If you haven’t already heard about the Wave (not the ocean wave but “Google’s Wave”) then have a look at this video

Google Wave combines the functionality of LinkedIn, messenger, emails, doc management system, face book. It looks great on the video. For developers it’s a good opportunities to start building applications (pretty much like iphone apps). So if you already have an Iphone app you should consider building something for Wave.
Rob Enderle, principal analyst at the Enderle Group said, “Wave represents an effort to displace Microsoft entirely, but has a higher probability of failing completely and is also consistent with Google’s strategy with apps.” See full article by Jennifer LeClaire

How does Google compete with SharePoint, only time will tell - but it seems like Wave is more for internet users then for intranet users. Wave is very user friendly and pretty but SharePoint is tidy in a sense that you can organize documents in a folder while wave is more focused on information flow.

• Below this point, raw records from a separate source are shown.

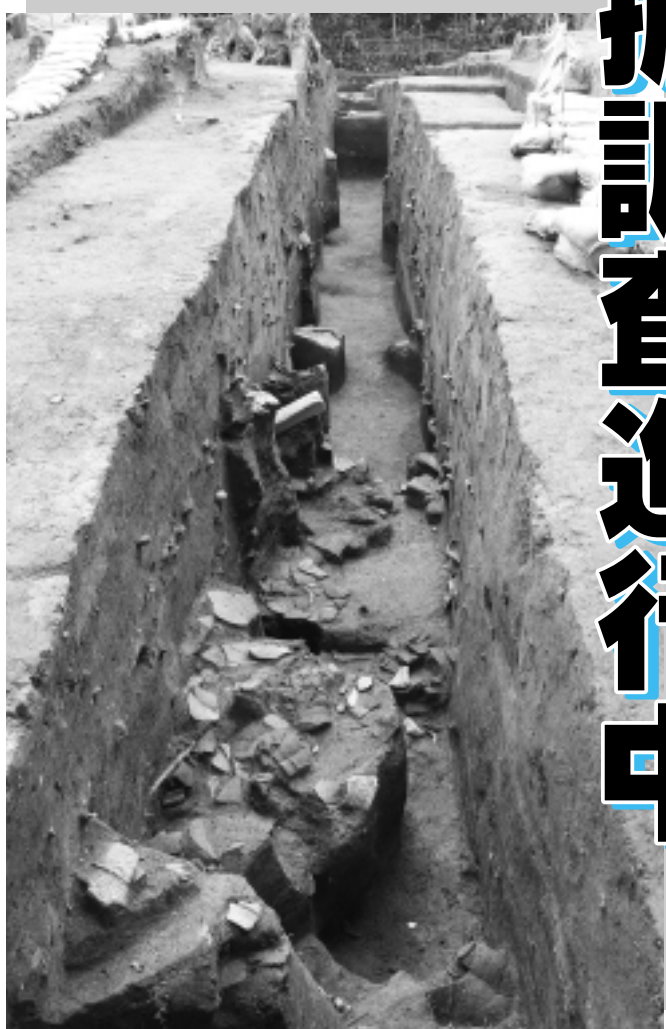
発掘調査現場の様子

が出土し、赤土（ローム）を多量に捨てたことよってできた盛土の存在が確認されました。今年度の発掘調査地点は、盛土が見つかった雑木林の丘の周辺になります。
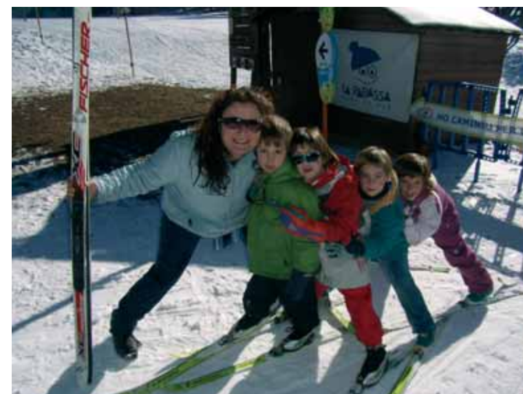
La Irene i uns quants petitons
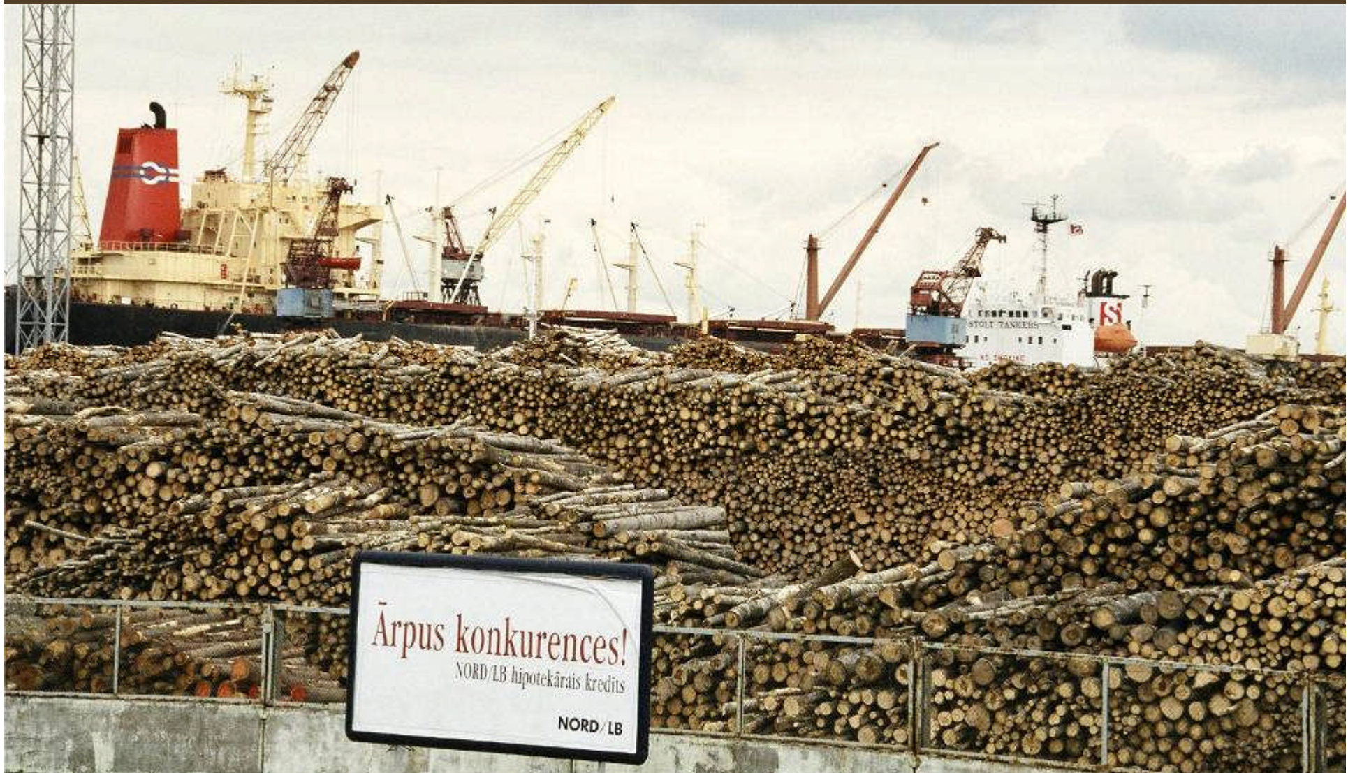
Rohstoffe: Holz-Export ohne Mehrwertschöpfung im Lande, im Rigaer Hafen
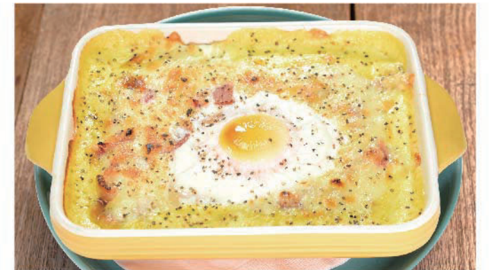
濃厚カルボナーラ風ドリア 950円(税込1,045円)
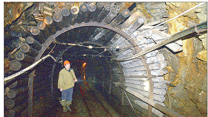
Лыготный стаж для подземного рабочего шахты — всего 10 лет, а вот общий трудовой должен быть больше — 20 лет

В 2018 году количество отказов в назначении досрочной пенсии для тех, кто занят на вредных условиях труда, в стране увеличилось и достигло 170,5 тысячи случаев. И хотя число таких отказов в общей массе невелико, людей такие факты настораживают. Возникает вопрос — почему? Многие связывают это с пенсионной реформой, ссылаясь на то, что в советское время никогда никаких отказов для работников вредных производств не было.
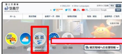
危険度分布 (キキクル)
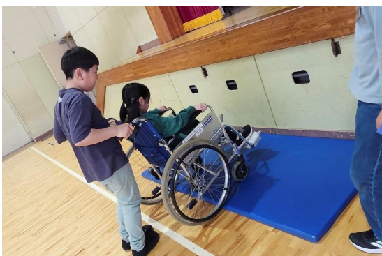
(3)-②福祉教育・総合学習の支援 【福祉体験教室】
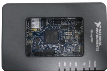
图 2 主控制器实物图

8. 主控制器如图 2 所示，直流供电范围为 6V~16V，易于上手使用、编程开发简单，板载资源丰富：共有 40 条数字 I/O 线，支持 SPI、PWM 输出、正交编码器输入、UART 和 I2C，以及 8 个单端模拟输入，2 个差分模拟输入，4 个单端模拟输出和 2 个对地参考模拟输出，方便通过编程控制连接各种传感器及外围设备；

There are lots of questions and issues regarding Wave that needs answering eg
•    What are the security policies and how to enforce them in Wave?
•    How a company implement Wave?
•    Can businesses have local deployment?

From my experience companies and business are reluctant to put information on the net. It will take businesses a long time to adapt technologies like wave. People are still struggling to adapt SharePoint and trying to get rid of “Reply All”, CC and BCC.

So time will tell how this ‘Wave’ of technology is going to affect us… Hopefully in a productive way.